About this exercise:
Transcribe the data in full and exactly, omitting any pictures.

Data:
----
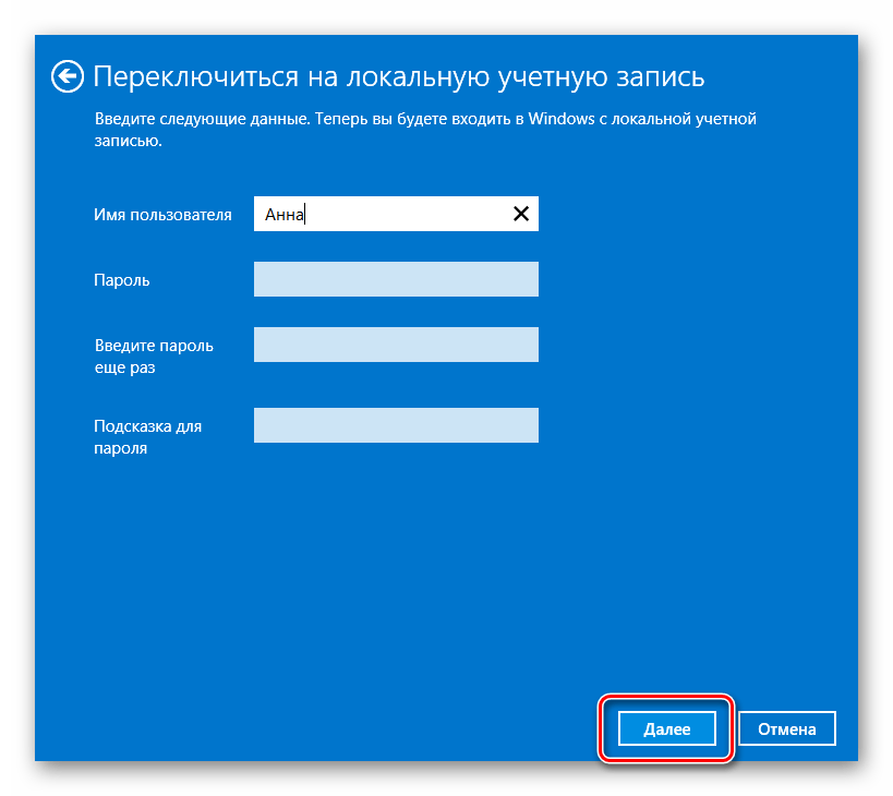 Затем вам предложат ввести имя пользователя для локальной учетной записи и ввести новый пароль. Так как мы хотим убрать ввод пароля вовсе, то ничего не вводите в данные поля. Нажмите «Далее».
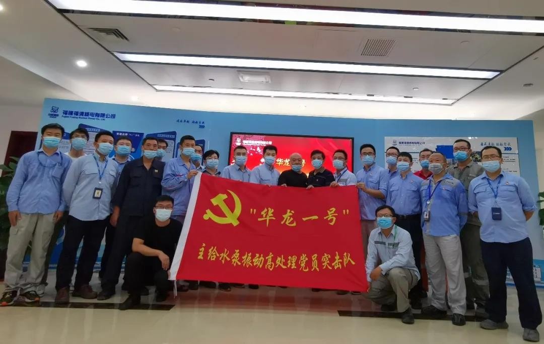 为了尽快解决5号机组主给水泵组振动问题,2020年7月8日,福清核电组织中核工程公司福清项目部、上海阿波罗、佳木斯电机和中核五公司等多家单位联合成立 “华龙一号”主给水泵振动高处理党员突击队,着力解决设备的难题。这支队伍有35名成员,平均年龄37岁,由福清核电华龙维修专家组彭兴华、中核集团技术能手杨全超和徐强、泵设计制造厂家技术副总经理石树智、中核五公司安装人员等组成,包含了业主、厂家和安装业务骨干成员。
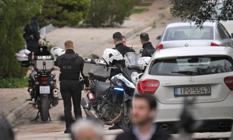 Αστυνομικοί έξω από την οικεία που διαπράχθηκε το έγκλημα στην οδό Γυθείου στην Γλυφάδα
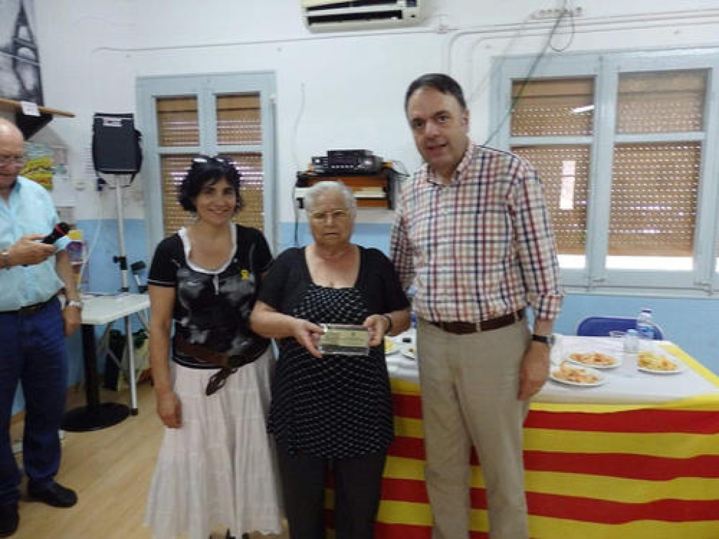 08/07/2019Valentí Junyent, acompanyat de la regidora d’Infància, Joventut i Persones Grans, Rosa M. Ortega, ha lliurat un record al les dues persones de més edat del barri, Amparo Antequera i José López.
----
Result of the task:
 Затем вам предложат ввести имя пользователя для локальной учетной записи и ввести новый пароль. Так как мы хотим убрать ввод пароля вовсе, то ничего не вводите в данные поля. Нажмите «Далее».
 为了尽快解决5号机组主给水泵组振动问题,2020年7月8日,福清核电组织中核工程公司福清项目部、上海阿波罗、佳木斯电机和中核五公司等多家单位联合成立 “华龙一号”主给水泵振动高处理党员突击队,着力解决设备的难题。这支队伍有35名成员,平均年龄37岁,由福清核电华龙维修专家组彭兴华、中核集团技术能手杨全超和徐强、泵设计制造厂家技术副总经理石树智、中核五公司安装人员等组成,包含了业主、厂家和安装业务骨干成员。
 Αστυνομικοί έξω από την οικεία που διαπράχθηκε το έγκλημα στην οδό Γυθείου στην Γλυφάδα
 08/07/2019Valentí Junyent, acompanyat de la regidora d’Infància, Joventut i Persones Grans, Rosa M. Ortega, ha lliurat un record al les dues persones de més edat del barri, Amparo Antequera i José López.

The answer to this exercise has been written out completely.